◆ **Description of the task**: The required output is the run of lines from the one holding "شارژر فست 15" through the final line of the listing, restated word for word, with no pictures.

-------- Materials provided --------

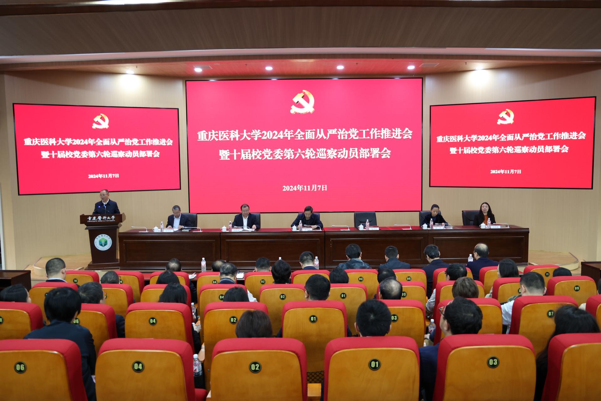 11月7日,华体会官方版网站登录入口召开2024年全面从严治党工作推进会暨十届校党委第六轮巡察动员部署会,深入贯彻落实习近平总书记关于党的自我革命的重要思想,落实市属高校全面从严治党暨纪检监察工作会议和市属高校“一把手”例会会议精神,推进市属高校基建、后勤、校办企业“三个专项”监督检查发现问题整改工作,调度清廉华体会官方版网站登录入口建设工作推进情况,动员部署十届校党委第六轮巡察工作,进一步压实管党治党政治责任,持续净化政治生态,为华体会官方版网站登录入口高质量发展提供坚强政治保障。校党委书记、校党委巡察工作领导小组组长覃正杰出席会议并讲话。校党委常委、纪委书记,市监委驻校监察专员,校党委巡察工作领导小组副组长余彦学主持会议。校党委常委、副校长,校党委巡察工作领导小组副组长余华荣宣读党委巡察组、评估组组长授权及任务分工决定。校领导葛萍、邱景富、刘恩梅出席会议。
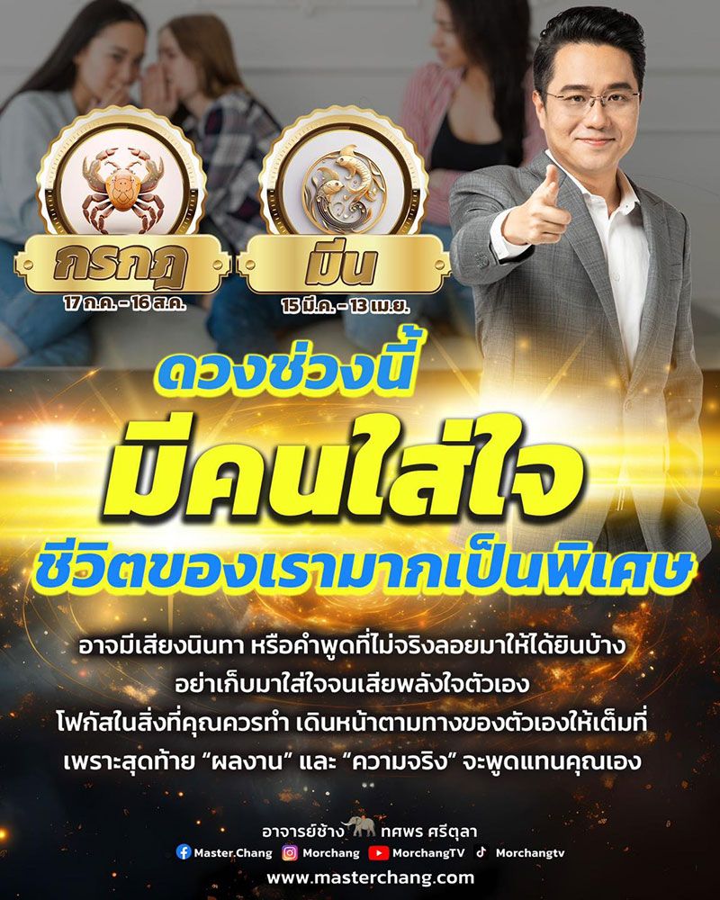 ราศีกรกฎ (ผู้ที่เกิดตั้งแต่วันที่ 17 ก.ค.-16 ส.ค.) ราศีมีน (ผู้ที่เกิดตั้งแต่วันที่ 15 มี.ค.-13 เม.ย.) ดวงช่วงนี้มีคนใส่ใจ ชีวิตของเรามากเป็นพิเศษ อาจมีเสียงนินทา หรือคำพูดที่ไม่จริงลอยมาให้ได้ยินบ้าง อย่าเก็บมาใส่ใจจนเสียพลังใจตัวเอง โฟกัสในสิ่งที่คุณควรทำ เดินหน้าตามทางของตัวเองให้เต็มที่ เพราะสุดท้าย "ผลงาน" และ "ความจริง" จะพูดแทนคุณเอง
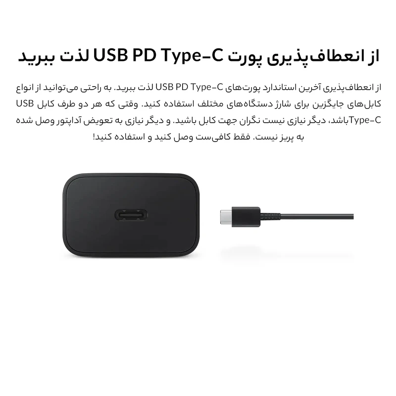 شارژر فست 15 وات سامسونگ سه پین کابل دار مدل EP-T1510، به همراه گارانتی 6 ماه همراه سرویس بوف
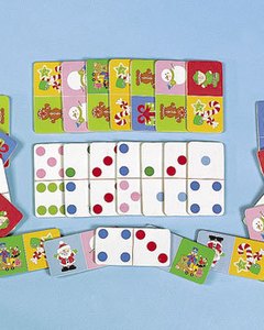大きなサイズの木製ドミノです。パステルカラーのドッツとクリスマスにちなんだかわいいイラストの両面でドミノゲームが楽しめます。小さなお子様の数や絵の認識から児童英語のクラスアクティビティーまで幅広くお使いいただけます。
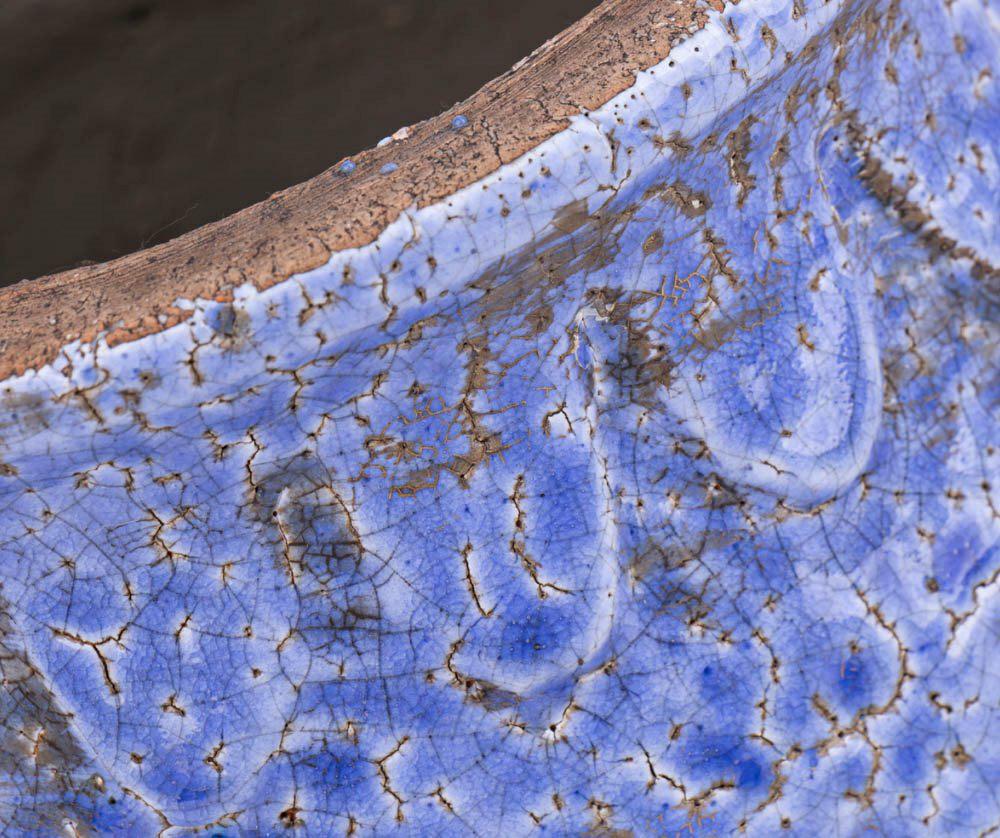 Głęboki, kobaltowy kolor – z efektem przetarć i lekkiego postarzenia.
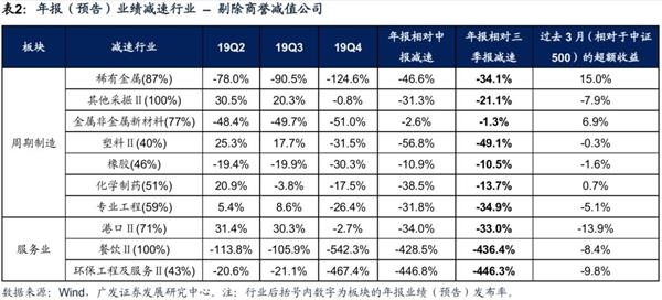 5、年报(预告)业绩减速行业:在全部A股中,剔除18年报+19年报发生商誉减值的公司(966家)后,我们筛选年报(预告)业绩增速相对于三季报和中报均减速,且年报业绩(预告)发布率在40%以上的二级行业,主要分布在:周期制造(稀有金属、其他采掘、金属非金属新材料、塑料、橡胶、化学制药、专业工程)、服务业(港口、餐饮、环保工程及服务)等领域。

--------

◆ **Answer box**:
 شارژر فست 15 وات سامسونگ سه پین کابل دار مدل EP-T1510، به همراه گارانتی 6 ماه همراه سرویس بوف
大きなサイズの木製ドミノです。パステルカラーのドッツとクリスマスにちなんだかわいいイラストの両面でドミノゲームが楽しめます。小さなお子様の数や絵の認識から児童英語のクラスアクティビティーまで幅広くお使いいただけます。
 Głęboki, kobaltowy kolor – z efektem przetarć i lekkiego postarzenia.
 5、年报(预告)业绩减速行业:在全部A股中,剔除18年报+19年报发生商誉减值的公司(966家)后,我们筛选年报(预告)业绩增速相对于三季报和中报均减速,且年报业绩(预告)发布率在40%以上的二级行业,主要分布在:周期制造(稀有金属、其他采掘、金属非金属新材料、塑料、橡胶、化学制药、专业工程)、服务业(港口、餐饮、环保工程及服务)等领域。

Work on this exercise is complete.